• Work order:
The material below holds the lines to copy: from the one with "- 각 메뉴에 해당하는 카테고리에 맞게 목록으로 구성." up to and including the one with "India 1973 Indian". Copy them exactly and skip the pictures.

── Supplied data ──

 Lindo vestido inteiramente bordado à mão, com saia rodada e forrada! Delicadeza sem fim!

───
── Supplied data ──

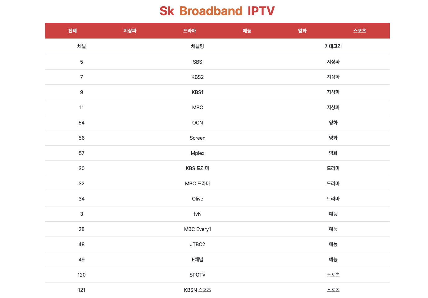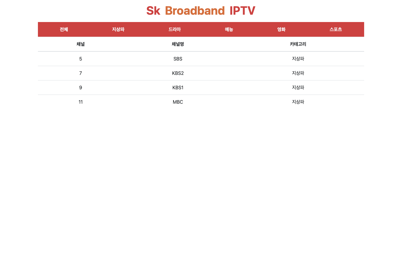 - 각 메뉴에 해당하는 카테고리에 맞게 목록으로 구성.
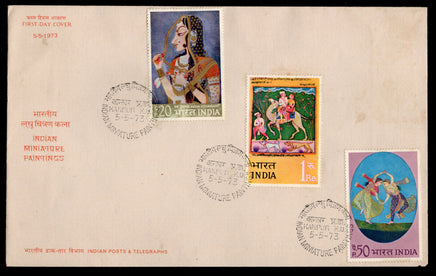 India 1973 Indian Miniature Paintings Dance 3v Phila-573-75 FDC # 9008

───
── Supplied data ──

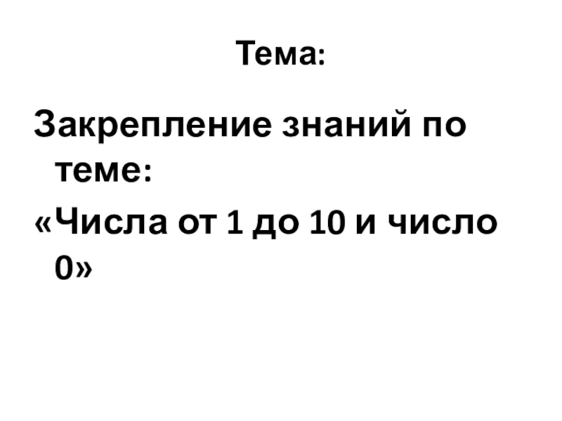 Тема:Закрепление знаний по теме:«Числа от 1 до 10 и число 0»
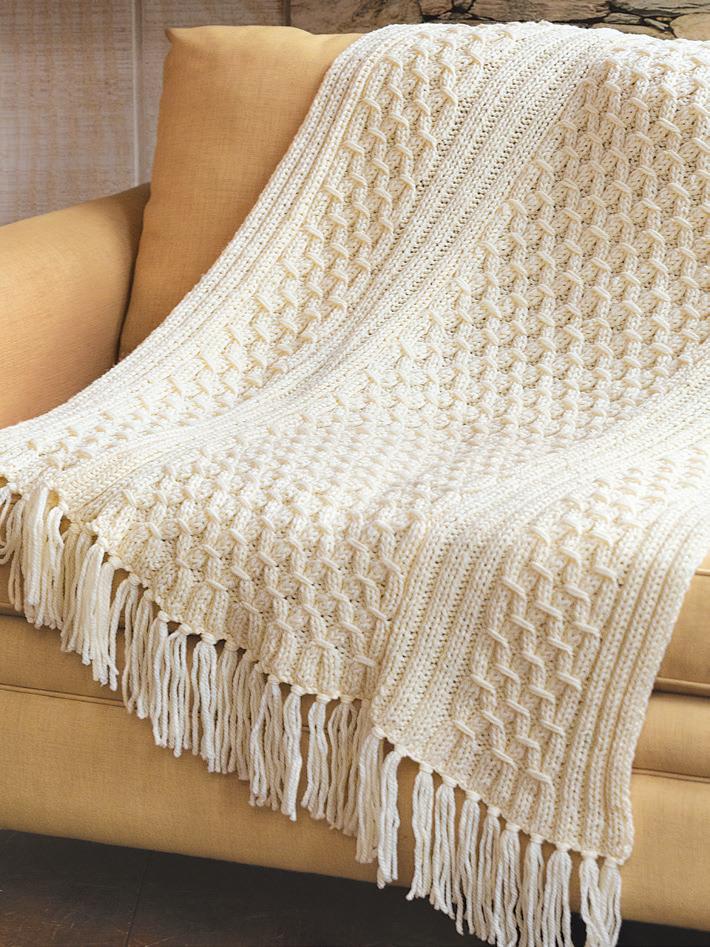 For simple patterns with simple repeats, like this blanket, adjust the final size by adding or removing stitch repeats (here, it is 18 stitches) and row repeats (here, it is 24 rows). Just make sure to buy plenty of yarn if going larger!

───

• Answer to this exercise:
 - 각 메뉴에 해당하는 카테고리에 맞게 목록으로 구성.
 India 1973 Indian Miniature Paintings Dance 3v Phila-573-75 FDC # 9008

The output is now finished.